Even the way that director Renny Harlin stages the death is designed to catch the audience off-guard. I’ve been trained to spot surprises like this because of the way the camera is invariably positioned. If someone’s in the middle of talking and the camera is suspiciously far back, there’s little doubt that something will soon fill that empty frame. Jackson’s death scene in ‘Deep Blue Sea’ comes during an oppressively tight close-up. Much like Jackson’s character himself, the audience literally can’t see it coming.

Josh Zyber

After a series of flops nearly crippled his career, director William Friedkin bounced back with the 1985 crime thriller ‘To Live and Die in L.A.‘. The film stars William Petersen and John Pankow as a pair of ethically-challenged Secret Service agents whose zeal to take down a notorious counterfeiter (Willem Dafoe) leads them to make some really bad decisions that spiral wildly out of control. Petersen’s is clearly the dominant of the two leads, an antihero that audiences can’t help rooting for even as he digs himself deeper into corruption and drags his partner down with him. It’s a genuine shock, therefore, when he gets killed off before the movie’s climax and the story shifts focus over to Pankow for the last act.

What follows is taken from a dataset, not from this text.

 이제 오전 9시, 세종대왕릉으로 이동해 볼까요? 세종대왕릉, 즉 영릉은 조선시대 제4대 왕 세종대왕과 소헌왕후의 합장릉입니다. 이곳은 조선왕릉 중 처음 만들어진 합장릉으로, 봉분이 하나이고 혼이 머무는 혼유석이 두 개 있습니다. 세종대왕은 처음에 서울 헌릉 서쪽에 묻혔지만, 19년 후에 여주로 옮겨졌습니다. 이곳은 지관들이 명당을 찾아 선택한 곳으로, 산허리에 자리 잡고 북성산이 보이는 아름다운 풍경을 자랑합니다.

The way Friedkin handles the twist really pulls the rug out from under the audience. Petersen doesn’t get any sort of dramatic or prolonged death scene. He’s gunned down in a shootout and his partner barely has time to check the body before being forced to leave it behind. The story moves right on before viewers can even process the magnitude of what just happened, which ultimately leaves them unsettled and uncertain how the finale will play out.

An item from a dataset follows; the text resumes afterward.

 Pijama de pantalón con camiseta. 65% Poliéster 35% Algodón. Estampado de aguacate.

Hilariously, the studio executives were so concerned about this twist that they forced Friedkin to shoot an epilogue showing that Petersen’s character actually survived the shooting after all. To his credit, the director had nothing but disdain for this idea and shot the scene as poorly as he could to ensure that it wouldn’t be used. You can see the footage in the Deleted Scenes section on the Collector’s Edition Blu-ray.

Your Turn

What shocking character deaths blew you away? Tell us in the Comments.


  1. Tom Spall

    I remember a crappy action film called 15 Minutes starring Robert De Niro and Edward Burns. Clearly De Niro was the lead character but then the bad guys killed him half way through the story and I almost shit my pants when that happened.

  2. Bolo

    ‘Easy Rider’ is full of surprise deaths. Watching the film the first time, I didn’t expect any of the main characters to die, let alone all three of them. The film is before my time and Jack Nicholson was a huge star at the time I first saw it, so it was quite shocking that his role turned out to be so small. The ending fake-out, where it seems like the rednecks are going back to help the main characters but really they’re doubling back to finish them off, was also a big punch to the gut.

    I’ll also throw in the opening scene from ‘Scream’. Craven is at the top of his game crafting this solid tense sequence and punctuating with the death of the most famous person in the film.

  3. Csm101

    Damn you Adam, that was the first one that came to mind!
    Horror movie sequels pull this trick on us sometimes. Friday the 13th Part 2 kills our final girl from the first movie just a few minutes into it. Which gets me thinking to Alien 3. Hicks and Newt crashing into the prison planet left me unsettled for the duration of Alien 3. Especially seeing Hick’s mangled remains.

  4. Chris B

    Ryan Gosling going out in the first act of The Place Beyond the Pines was a pretty big shocker. Or Brian Cranston getting killed off in the first 45 minutes of the new Godzilla was a shocker and a detriment to the rest of the film….more recently, Glenn being killed off TWD by Negan made my jaw drop.

  5. David W.

    Llewelyn Moss’ death in “No Country for Old Men” was a surprise for me. What really made it shocking was that it happened off screen after we had gone through a cat an mouse chase between him and Anton Chigurh. Not being able to see it really left a sense of doubt that is actually happened.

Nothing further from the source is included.